Protesters have gathered in the city of Vladimir, 176km east of Moscow.

Moscow’s authorities have permitted Open Russia to hold a rally in one location in the Russian capital, on Akademika Sakharova Avenue. 

However, the representatives of the group refused the proposed route, saying they were planning to protest on other streets.

The authorities responded by saying that no other routes would receive official authorization.

Open Russia says that “thousands of people” are to take part in the rallies. The demonstrators are to protest Russian President Vladimir Putin’s plans to run for re-election in 2018.

Open Russia says protests have been planned in Moscow, St. Petersburg and 30 other Russian cities. 

Open Russia was founded by Khodorkovsky and his close allies in 2001. The organization oversaw many projects all over Russia, but after the dissolution of oil giant YUKOS, it was deprived of funds and practically ceased to exist. When Khodorkovsky was released from prison in December of 2013, Open Russia was relaunched as a network with a self-declared goal of assisting the “Europe-oriented part of the Russian society.”

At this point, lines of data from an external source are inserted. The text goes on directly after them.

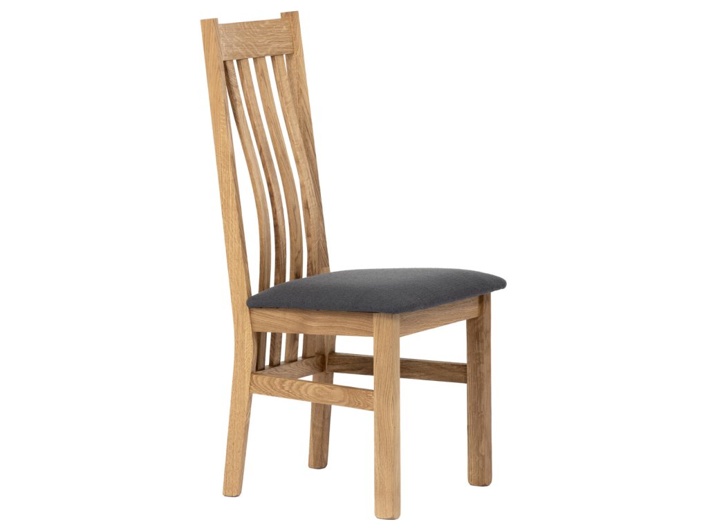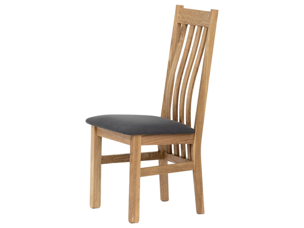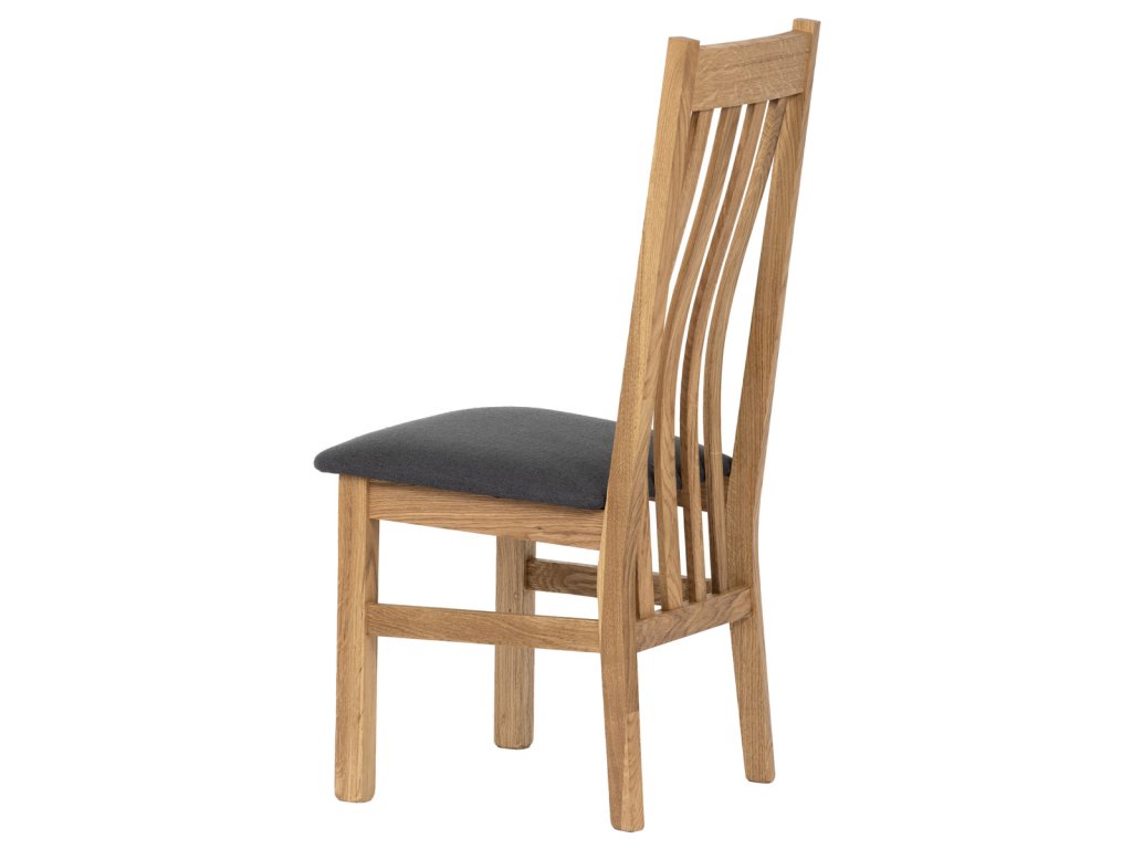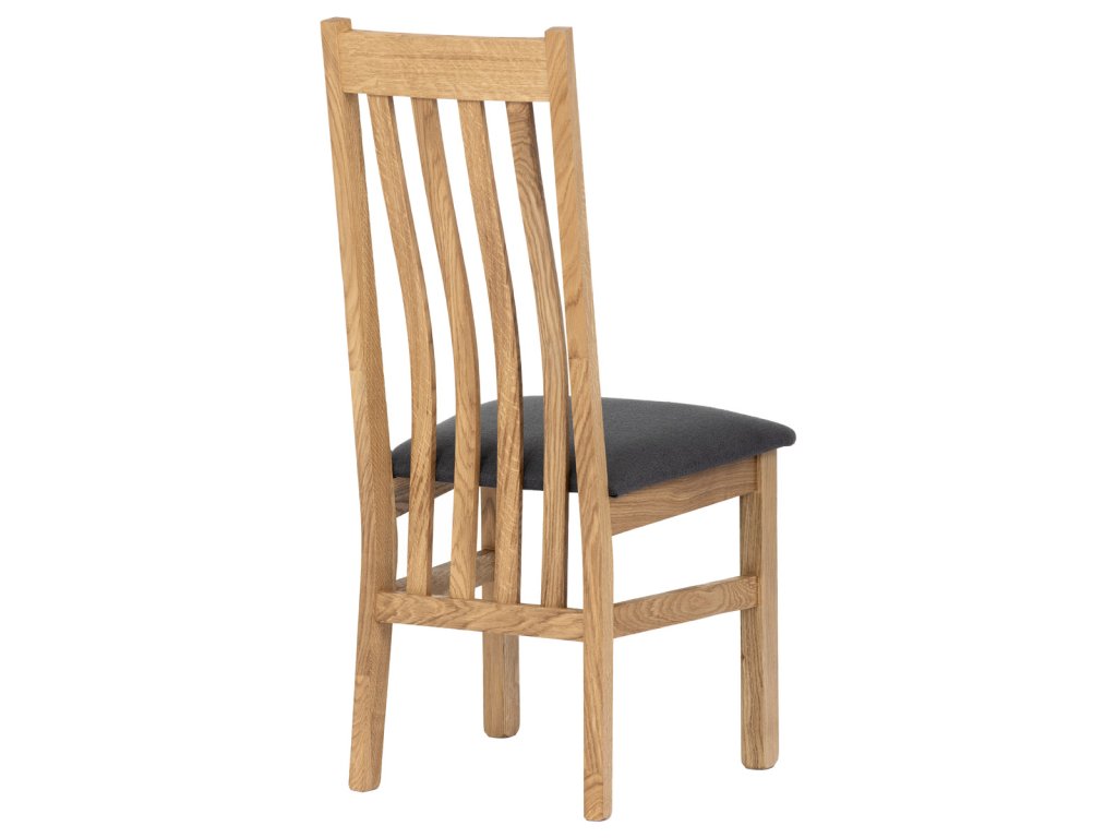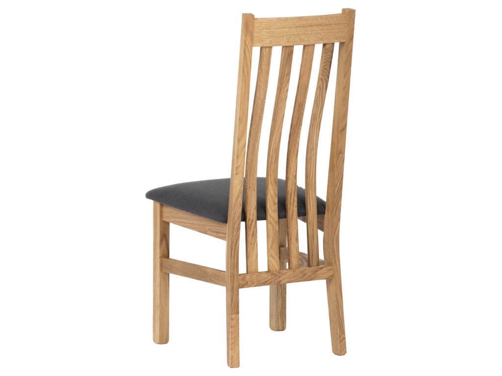 Dřevěná jídelní židle, potah antracitově šedá látka, masiv dub, přírodní odstín C-2100 GREY2 - Dřevěná jídelní židle z masivního dubového dřeva je demonstrací dokonalé řemeslné práce. Zaujme nejen svým rustikálním stylem, ale i perfektním zpracováním. Styl vychází z minimalistického severského designu, v temnějším nádechu přírodního odstínu. Tato barevnost skvěle vykreslí léta dubu a podtrhne její provedení. Čisté linie a vysoce kvalitní řemeslné zpracování dřevěného masivu nastavuje okouzlující akcenty a podtrhuje útulnou atmosféru v interiéru. Tato židle Vás zve nejen k odpočinku, ale rozjímání s rodinou i přáteli, kde oceníte ergonomicky tvarované vzpěry opěradla, kopírující zakřivení páteře. Pohodlný sedák je potažen odolnou látkou z polyesterových vláken, v antracitově šedém barevném odstínu. Polstrování je kvalitní PU pěnou. O kvalitě potahové látky Vás jistě přesvědčí její parametry - gramáž 340 g/m2, martindale naprosto skvělých 80 000 cyklů a barevná stálost na světle je na stupni 5. Povrchová úprava dubové masivní konstrukce je tvrdovoskovým olejem, speciálně určeným pro dlouhodobé ošetření dřeva. Velkým bonusem této židle je její dodání v kompletně smontovaném stavu a se spoji lepenými (!). Tím odpadá nejen nepříjemné studium montážního návodu a následně i montáž, ale židle bude stále pevná a nehrozí, že budete muset v pravidelných cyklech utahovat povolené šrouby. Další pevnostní prvek slouží i trnože mezi nohama. Toto vše dělá ze židle pevný a velice trvanlivý celek s nosností až 140 kg. Elegantním prvkem bude v klasicky laděných interiérech společně s masivním dubovým stolem, ale i kombinace se stolem ve stylu Loft bude velmi zajímavá a nepřehlédnutelná.Doplňkové parametry
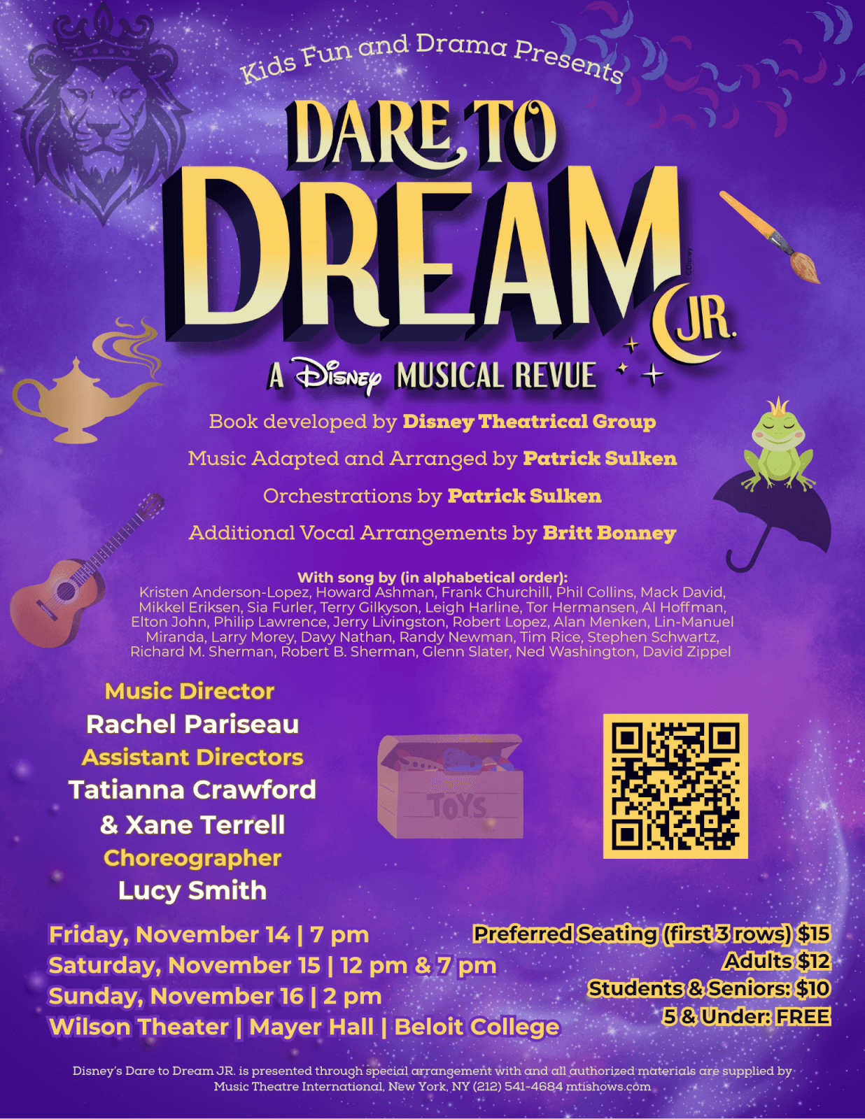 Disney’s Dare to Dream JR. is a 60-minute musical revue that follows an eager group of trainees on their first day at a fictional Walt Disney Imagineering Studio. As the group sets out to help each other discover their dreams, they work together to explore the power of dreams to unite, inspire, and make anything possible. Drawing from a century of beloved Disney films, Dare to Dream JR. features songs appearing for the first time ever in a Disney stage musical, including fan-favorites from The Princess and the Frog, Coco, Encanto, and Frozen II. This musical revue is a thrilling mix of contemporary songs, timeless classics, and brand-new medleys that are sure to surprise and delight Disney lovers of all ages.
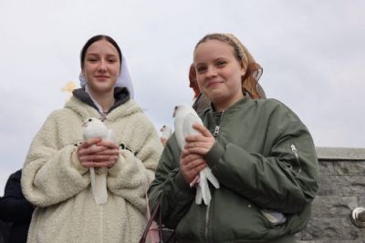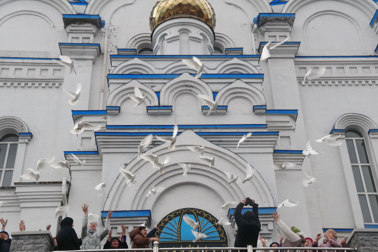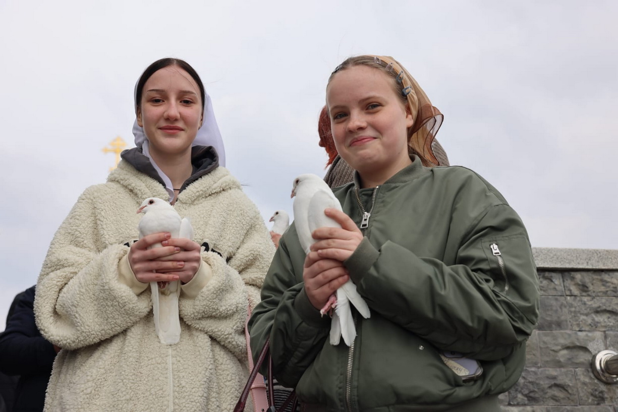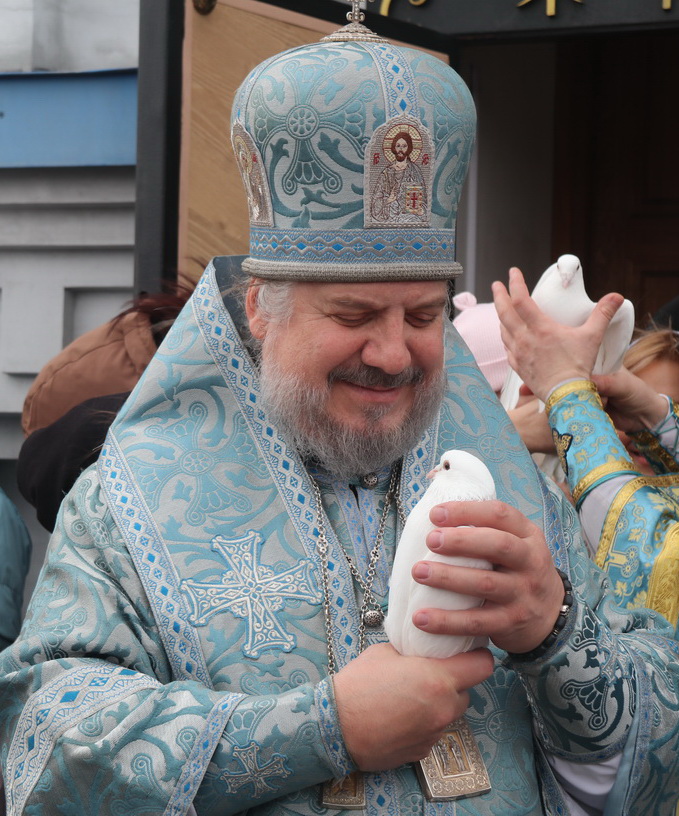 По окончании богослужения Преосвященный Николай, с паперти верхнего храма, выпустил в небо над Кафедральным собором белых голубей.

On Wednesday, the Russian Prosecutor General’s Office put the group on the list of undesirable foreign organizations.

“Their activities are aimed at inciting protests and destabilizing [Russia’s] domestic political situation, presenting a threat to the constitutional foundations of the Russian Federation and the security of the state,” the prosecutor general said in a statement.  

Open Russia has confirmed that it is still planning the protests, despite the decision.